| name | Asyncio Programming |
| description | Master asynchronous programming with asyncio, async/await, concurrent operations, and async frameworks |
| version | 2.1.0 |
| sasmp_version | 1.3.0 |
| bonded_agent | 05-async-concurrency |
| bond_type | PRIMARY_BOND |
| retry_strategy | exponential_backoff |
| observability | [object Object] |
Asyncio Programming
Overview
Master asynchronous programming in Python with asyncio. Learn to write concurrent code that efficiently handles I/O-bound operations, build async web applications, and understand the async/await paradigm.
Learning Objectives
- Understand asynchronous programming concepts
- Write async functions with async/await syntax
- Manage concurrent operations with asyncio
- Build async web applications
- Handle async I/O operations efficiently
- Debug and test async code
Core Topics
1. Async/Await Basics
- Understanding coroutines
- async/await syntax
- Event loop fundamentals
- Running async functions
- Async vs sync execution
- Common pitfalls
Code Example:
import asyncio
import time
# Synchronous version (slow)
def fetch_data_sync(url):
print(f"Fetching {url}...")
time.sleep(2) # Simulating network delay
return f"Data from {url}"
def main_sync():
urls = ['url1', 'url2', 'url3']
results = []
for url in urls:
data = fetch_data_sync(url)
results.append(data)
return results
# Takes 6 seconds (2 * 3)
start = time.time()
main_sync()
print(f"Sync took: {time.time() - start:.2f}s")

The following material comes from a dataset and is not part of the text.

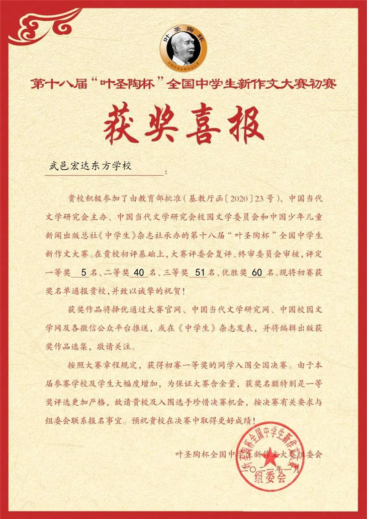 武邑宏达东方学校在第十八届“叶圣陶杯”全国中学生新作文大赛中喜获丰收!

# Asynchronous version (fast)
async def fetch_data_async(url):
print(f"Fetching {url}...")
await asyncio.sleep(2) # Non-blocking sleep
return f"Data from {url}"
async def main_async():
urls = ['url1', 'url2', 'url3']
# Create tasks and run concurrently
tasks = [fetch_data_async(url) for url in urls]
results = await asyncio.gather(*tasks)
return results
# Takes 2 seconds (concurrent execution)
start = time.time()
asyncio.run(main_async())
print(f"Async took: {time.time() - start:.2f}s")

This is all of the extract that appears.